● **YOUR TASK**: Line by line, repeat the material below exactly and leave the images out.

● **INFORMATION SHOWN**:

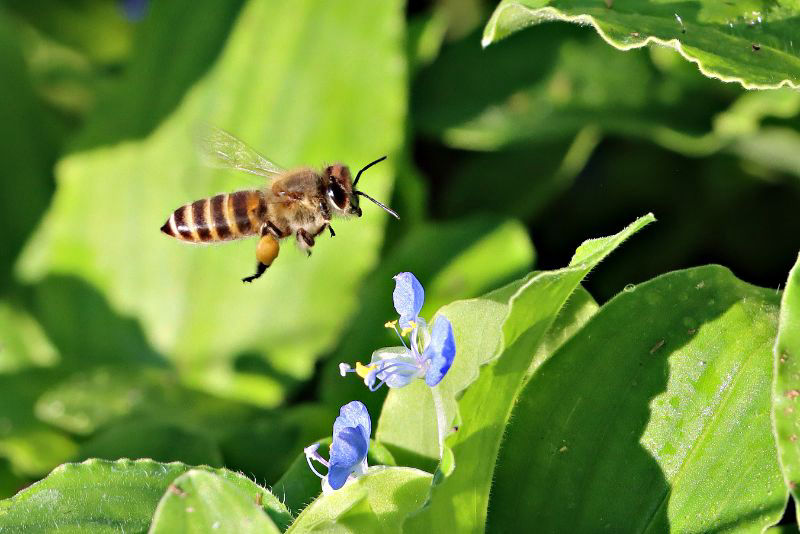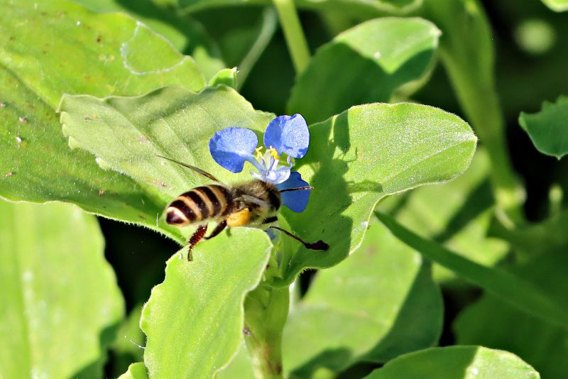 蜜源の少ないこの時期のツユクサを転々と忙しく動き回るので、なかなかピントが合いませんね。たまたまピントがマシな画像をアップしました。
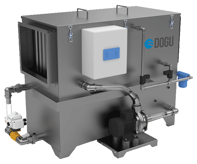 SMOKE Duman Yıkama Cihazı, kömürlü ızgara ve odun ateşinde pişirme yapılan mutfaklarda yoğun duman ve partikül çıkışını kontrol altına almak için özel olarak geliştirilmiştir. Açıklama Malzeme ve Kullanım Özellikleri SMOKE Duman Yıkama Cihazı, davlumbazdan gelen duman içindeki kurum ve is gibi partikülleri tutarak, hava ile taşınan alev ve kıvılcımı etkili bir şekilde yok eder. Cihaza siyah renkte giren hava, yıkama işlemi sonrasında daha açık bir renkte dışarı atılmasını sağlar. Egzoz havasının basınçlı suyla yıkanması prensibine dayanan SMOKE, 3.000-10.000 m³/h debi aralığında üretilmektedir. Kullanıldığı sistemlerde arkasındaki filtrelerin ömrünü uzatır ve yangın ile arıza riskini en aza indirir. Cihaz, sirkülasyon pompası ile içerisindeki suyu kullanarak sürekli şebekeden su çekmez. Su seviyesi düştüğünde, üzerindeki selenoid vanalar sayesinde otomatik su takviyesi yapılır. Filtreleme Aşamaları SMOKE cihazında üç farklı filtre aşaması bulunmaktadır: Ön Filtre: İlk aşamada, büyük partiküller tutulur. Yağ Tutucu Filtre: Yıkama sırasında çökelmeyen yağ ve benzeri partiküller burada tutulur. Damla Tutucu Filtre: Yıkama sonrasında hava akışında kalan nem, bu filtrede tutulur. Bu sistem, cihazın verimliliğini artırarak filtrelerin ömrünü uzatır. Otomasyon Kontrol İmkânı SMOKE, otomasyon sistemleri ile kontrol edilebilen bir cihazdır. Ayrıca, Doğu İklimlendirme San. ve Tic. A.Ş nin mutfak havalandırması için geliştirdiği KITCHEN ürünü ile entegre bir sistemle çalışarak mahal için komple bir havalandırma çözümü sunar. Özellikleri Uzun ömür Kömür ve odun ateşi ile pişirme için ekonomik çözüm Düşük su sarfiyatı Tamamen paslanmaz tasarım Otomasyon ile kontrol imkânı Gövde sacları talebe göre AISI 304 veya AISI316 kalite paslanmaz sac Paslanmaz çelik çarklı santrifüj pompa, Jet nozullar ve diğer tüm elemanlar paslanmaz çelikten üretilir.
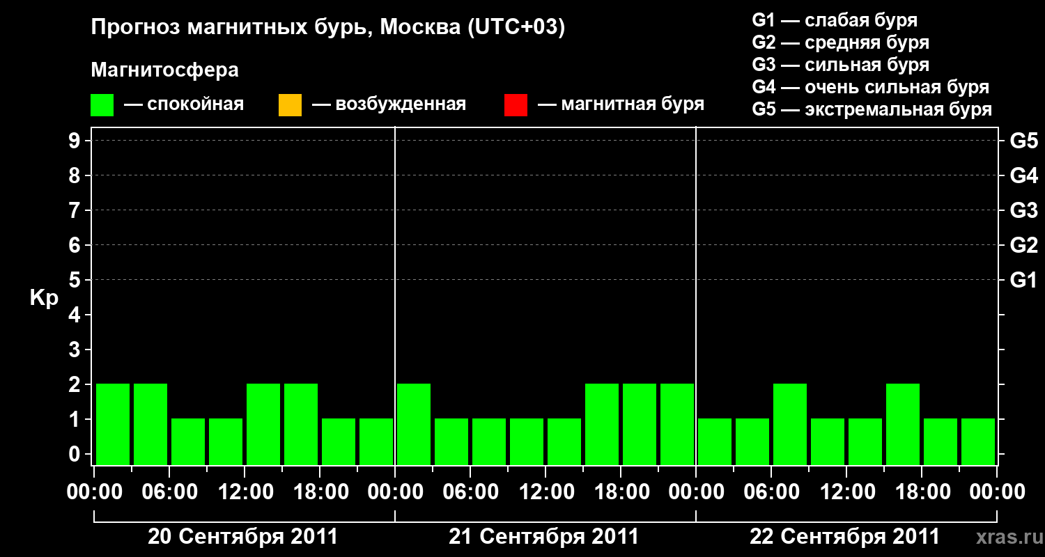 Прогноз магнитных бурь в Москве на 20 сентября 2011 года
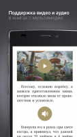 The utility is able to sort books, not only purchased in the app, but also in the memory of the phone device. Able to rank works by category, author or genre. The search engine allows you to find books in the cloud and the internet by downloading them. Lots of modes and tools. There is access to a quick menu (hotkeys). You can change the brightness of the screen, font, orientation of devices. A bookmark with copied text is created.Listening

● **SOLVED PROBLEM**:
 蜜源の少ないこの時期のツユクサを転々と忙しく動き回るので、なかなかピントが合いませんね。たまたまピントがマシな画像をアップしました。
 SMOKE Duman Yıkama Cihazı, kömürlü ızgara ve odun ateşinde pişirme yapılan mutfaklarda yoğun duman ve partikül çıkışını kontrol altına almak için özel olarak geliştirilmiştir. Açıklama Malzeme ve Kullanım Özellikleri SMOKE Duman Yıkama Cihazı, davlumbazdan gelen duman içindeki kurum ve is gibi partikülleri tutarak, hava ile taşınan alev ve kıvılcımı etkili bir şekilde yok eder. Cihaza siyah renkte giren hava, yıkama işlemi sonrasında daha açık bir renkte dışarı atılmasını sağlar. Egzoz havasının basınçlı suyla yıkanması prensibine dayanan SMOKE, 3.000-10.000 m³/h debi aralığında üretilmektedir. Kullanıldığı sistemlerde arkasındaki filtrelerin ömrünü uzatır ve yangın ile arıza riskini en aza indirir. Cihaz, sirkülasyon pompası ile içerisindeki suyu kullanarak sürekli şebekeden su çekmez. Su seviyesi düştüğünde, üzerindeki selenoid vanalar sayesinde otomatik su takviyesi yapılır. Filtreleme Aşamaları SMOKE cihazında üç farklı filtre aşaması bulunmaktadır: Ön Filtre: İlk aşamada, büyük partiküller tutulur. Yağ Tutucu Filtre: Yıkama sırasında çökelmeyen yağ ve benzeri partiküller burada tutulur. Damla Tutucu Filtre: Yıkama sonrasında hava akışında kalan nem, bu filtrede tutulur. Bu sistem, cihazın verimliliğini artırarak filtrelerin ömrünü uzatır. Otomasyon Kontrol İmkânı SMOKE, otomasyon sistemleri ile kontrol edilebilen bir cihazdır. Ayrıca, Doğu İklimlendirme San. ve Tic. A.Ş nin mutfak havalandırması için geliştirdiği KITCHEN ürünü ile entegre bir sistemle çalışarak mahal için komple bir havalandırma çözümü sunar. Özellikleri Uzun ömür Kömür ve odun ateşi ile pişirme için ekonomik çözüm Düşük su sarfiyatı Tamamen paslanmaz tasarım Otomasyon ile kontrol imkânı Gövde sacları talebe göre AISI 304 veya AISI316 kalite paslanmaz sac Paslanmaz çelik çarklı santrifüj pompa, Jet nozullar ve diğer tüm elemanlar paslanmaz çelikten üretilir.
 Прогноз магнитных бурь в Москве на 20 сентября 2011 года
 The utility is able to sort books, not only purchased in the app, but also in the memory of the phone device. Able to rank works by category, author or genre. The search engine allows you to find books in the cloud and the internet by downloading them. Lots of modes and tools. There is access to a quick menu (hotkeys). You can change the brightness of the screen, font, orientation of devices. A bookmark with copied text is created.Listening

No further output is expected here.